Dostoevsky wrote at a time when Russian imperial censorship imposed restrictions on all aspects of print production: the writing, editing, and publishing of books and periodicals; the printing houses; the book trade that encompassed importation, sales, and translations; the accession and sale of printing equipment; book circulation; collections of lending libraries; presentations of dramatic works; pictorial reproductions; and postal services. Censorship policies encouraged writers to practice self-censorship and editors to reject or make cuts in manuscripts that might present an element of risk. The use of “Aesopian” language, allegory, innuendo, and many other devices to counteract censorship became widespread, and readers learned to read between the lines.

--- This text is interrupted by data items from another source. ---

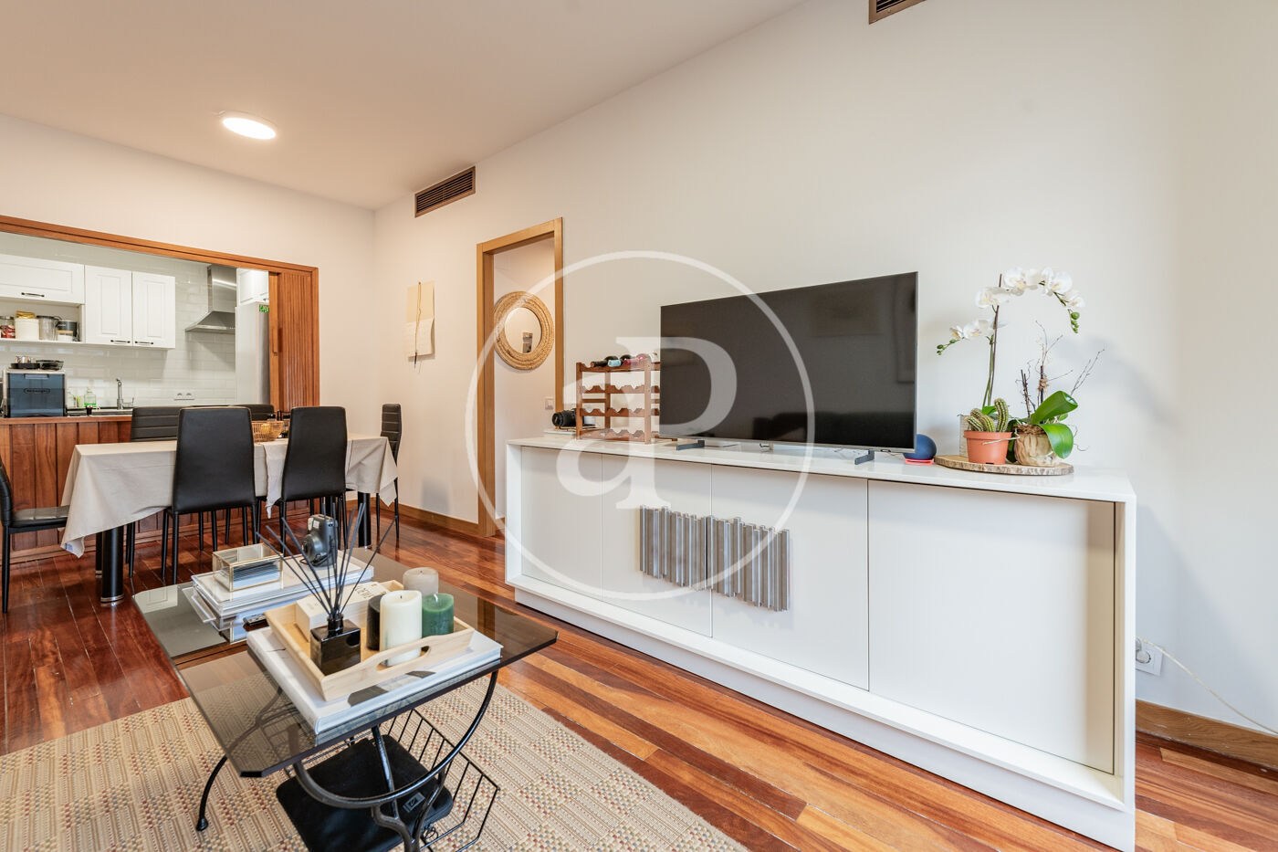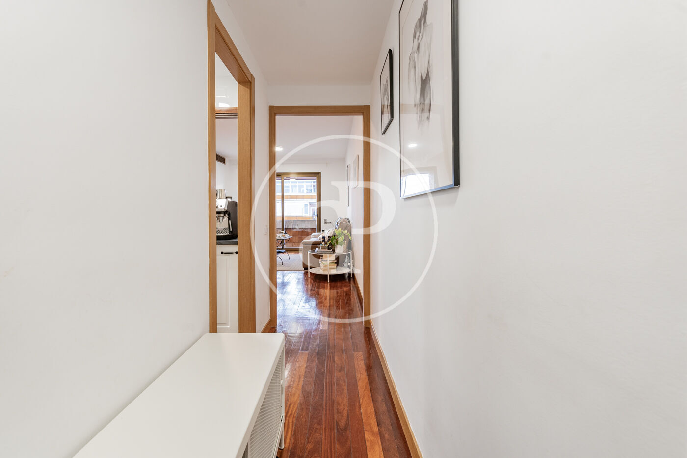 The living area offers a spacious and bright living-dining room with direct access to a pleasant terrace, ideal for enjoying the outdoors in a privileged urban setting.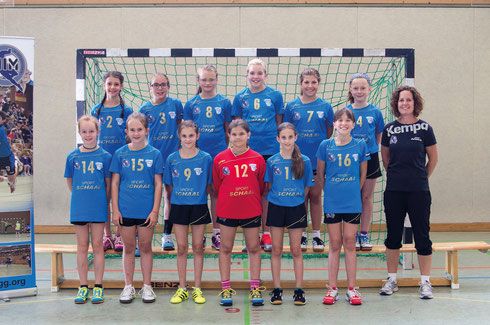 hintere Reihe von links nach rechts: Ava Schelling, Celine Kubowski, Julia Rudolph, Sarah Huber, Leni Jerosch, Lenia Nebe vorne von links nach rechts: Mia Löhnert, Angelina Döring, Victoria Brost, Jonna Ehmann, Zoe Ruoff, Anneke Rathfelder, Trainerin Claudia Schmidt es fehlt: Trainerin Johanna Wagner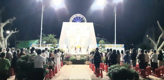 Hôm nay thứ bảy ngày 14 tháng 10, đúng 19 giờ 30 đông đảo giáo dân đã quây quần bên Mẹ cùng nhau lần chuỗi.
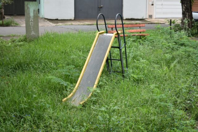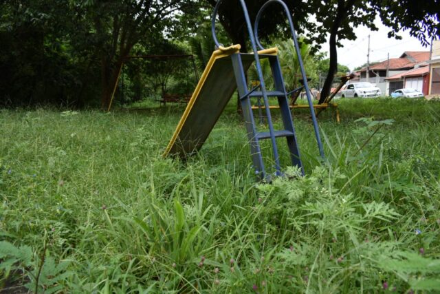 Fora isso, a área verde deveria também funcionar como um parquinho para as crianças brincarem; contudo, por conta do mato alto, os pais não deixam suas crianças brincarem no local. “Já fiz solicitação para recuperarem os brinquedos, mas eles vieram aqui há um tempo atrás e apenas pintaram os brinquedos. Eu acompanhei. Mas os brinquedos estão todos quebrados! A pracinha, que deveria se destinar à diversão das crianças, está com mato alto e não há a menor condição de levar nossos filhos lá. Eu jamais levaria o meu. Nossa situação é de abandono.”

Russia's first Censorship Statute of 1804, introduced under Alexander I (1801–25), set up a system that entrusted censorship to the Ministry of Education and required university professors to act as pre-publication censors. The Statute prohibited publications that contravened Orthodoxy, autocracy, or moral conscience. In 1826, the reactionary Nicholas I (1825–55) established the Third Section of his Chancellery, a political police with regulatory power over censors. According to the 1828 Statute on censorship (comprising 117 articles), no work could be published if it contained “anything that might shake the doctrine of the Orthodox Church, its traditions and rituals,” “anything violating the inviolability of the supreme sovereign power” and “respect for the Imperial House,” or anything “contrary to indigenous government regulations” and insulting to “good morals and decency.” The Minister of Education and chairman of the Directorate of Censorship, Sergei Uvarov, soon launched his triad-slogan “Orthodoxy, Autocracy, Nationality*,” also known as the doctrine of “official nationality,” and directed educators and censors to adopt it. In 1848, in response to revolutions in Europe, Nicholas I established the secret Buturlin Committee to enforce further limits on censors and the media. Stringent censorship policies, often communicated as “Circulars,” demanded uncritical conformity to official ideology, leading to the construction of a homogeneous worldview. By the time Dostoevsky began publishing in the mid-1840s, censorship requirements were an ever-present reality for writers.
Writing about censorship in the 1870s, Dostoevsky recalled that in the 1840s censors “strictly suppressed” “every new idea” and forbade “almost everything” – even lines and dots were suspect as allegories or lampoons (23:32; WD 1:507; 21:29; WD 1:153).